Parasitic wasps hitchhike on butterflies by smelling for chemical chastity belts

ByEd Yong
February 19, 2010
5 min read

It’s not every day that you hear about spy missions that involve a lack of sex, but clearly parasitic wasps don’t pay much attention to Hollywood clichés.

These insects merge the thriller, science-fiction and horror genres, They lay their eggs inside other animals, turning them into slaves and living larders that are destined to be eaten inside-out by the developing grubs. To find their victims, they perform feats of espionage worthy of any secret agent, tapping into their mark’s communication lines, tailing them back to their homes and infiltrating their families.

Two species of parasitoid wasp – Trichogramma brassicae and Trichogramma evanescens – are particularly skilled at chemical espionage. They’ve learned to home in on sexual chemicals used by male cabbage white butterflies. After sex, a male coats the female with anti-aphrodisiac that turns off other suitors and protects the male’s sexual investment. These chemicals are signals from one male to another that say, “Buzz off, she’s taken.”

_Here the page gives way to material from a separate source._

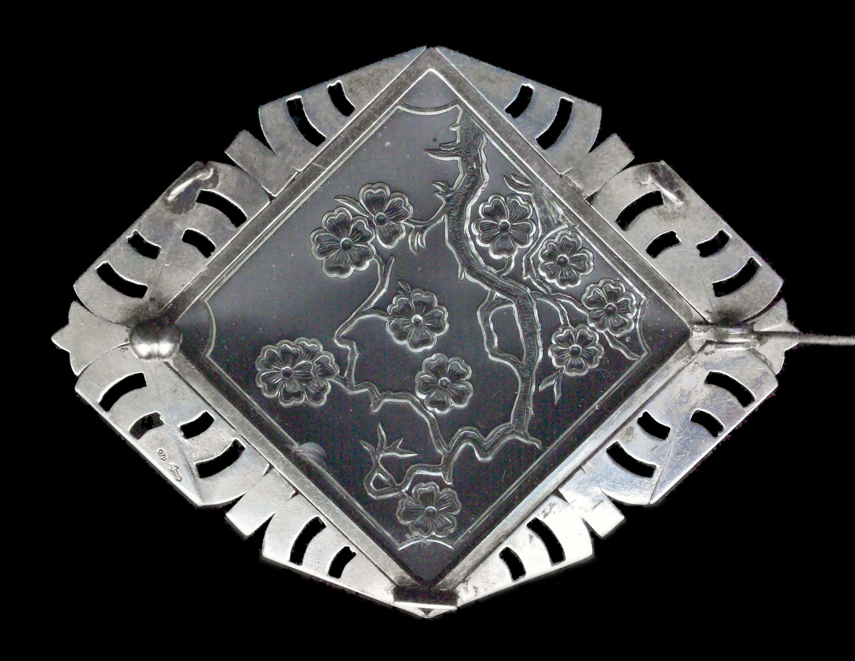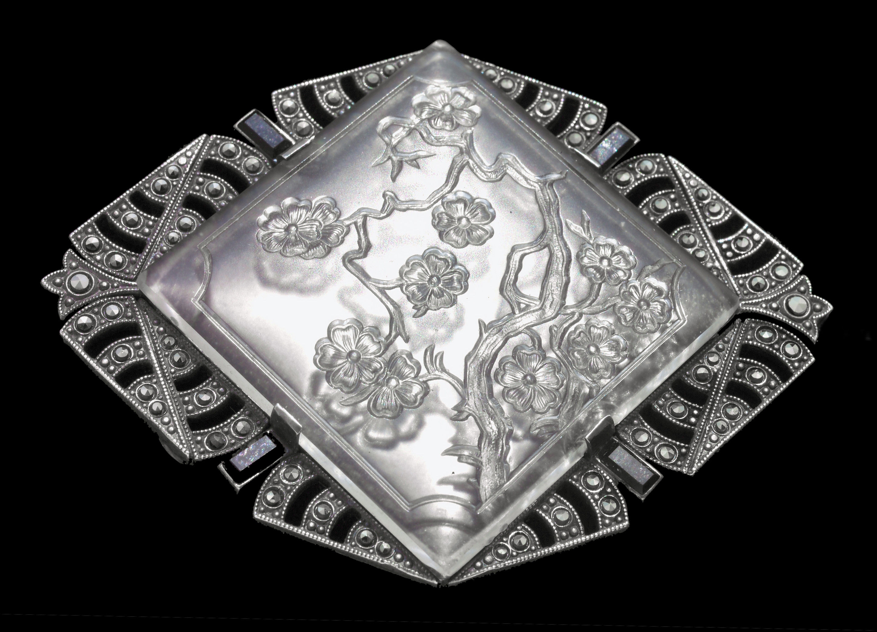 Silver, marcasite & moulded glass panel

But the wasps can sense these chemicals. They feed on the nectar of the same plants that the cabbage white visit and when they do, the wasps jump her. They are tiny, smaller even than the butterfly’s eye (see the image below), and they hitch a ride to the site where she’ll lay her eggs. There, they lay their own eggs inside those of the butterfly. Amazingly, the wasps use the same trick for different species of cabbage white butterflies, which secrete very different anti-aphrodisiacs. They can even sense when the anti-aphrodisiacs are wafting among the general scent of a freshly mated female. It’s all part of a sophisticated “espionage-and-ride” strategy.

The wasps’ tactics were discovered in 2005 by Dutch researchers led by Martinus Huigens. Now, he has found that they parasitise two species of cabbage whites in very similar ways, despite different chemicals and different rewards. 

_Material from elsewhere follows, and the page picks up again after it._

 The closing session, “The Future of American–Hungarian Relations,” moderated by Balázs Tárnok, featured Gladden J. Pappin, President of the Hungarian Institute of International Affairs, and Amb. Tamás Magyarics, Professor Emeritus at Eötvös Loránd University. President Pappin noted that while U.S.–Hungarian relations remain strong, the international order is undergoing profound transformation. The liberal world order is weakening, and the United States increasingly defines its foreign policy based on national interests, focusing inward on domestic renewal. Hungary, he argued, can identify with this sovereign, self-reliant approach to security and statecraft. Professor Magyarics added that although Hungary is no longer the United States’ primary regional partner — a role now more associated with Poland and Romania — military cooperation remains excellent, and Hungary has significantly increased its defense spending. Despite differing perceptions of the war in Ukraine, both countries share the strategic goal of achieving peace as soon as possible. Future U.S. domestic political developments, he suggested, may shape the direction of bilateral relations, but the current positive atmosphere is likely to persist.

The large cabbage white lays large clutches of 20-50 eggs and uses the benzyl cyanide as an anti-aphrodisiac. The small cabbage white uses a different chemical – methyl salicylate – and it lays just a single egg. For a wasp, the large butterfly is clearly the better investment, as a hitchhike would lead it to a gigantic larder for its young. But the small cabbage white is far more common, making it a worthy target nonetheless. The wasps certainly have no preference for one species over the other.

By using Y-shaped tubes and blowing different airstreams down either arm, Huigens could work out which of two smells was most alluring to the wasps. The smell of mated females was a stronger pull than clean air or the smell of virgins. But if Huigens dabbed virgin butterflies with the right odours, they suddenly became attractive luxury vehicles.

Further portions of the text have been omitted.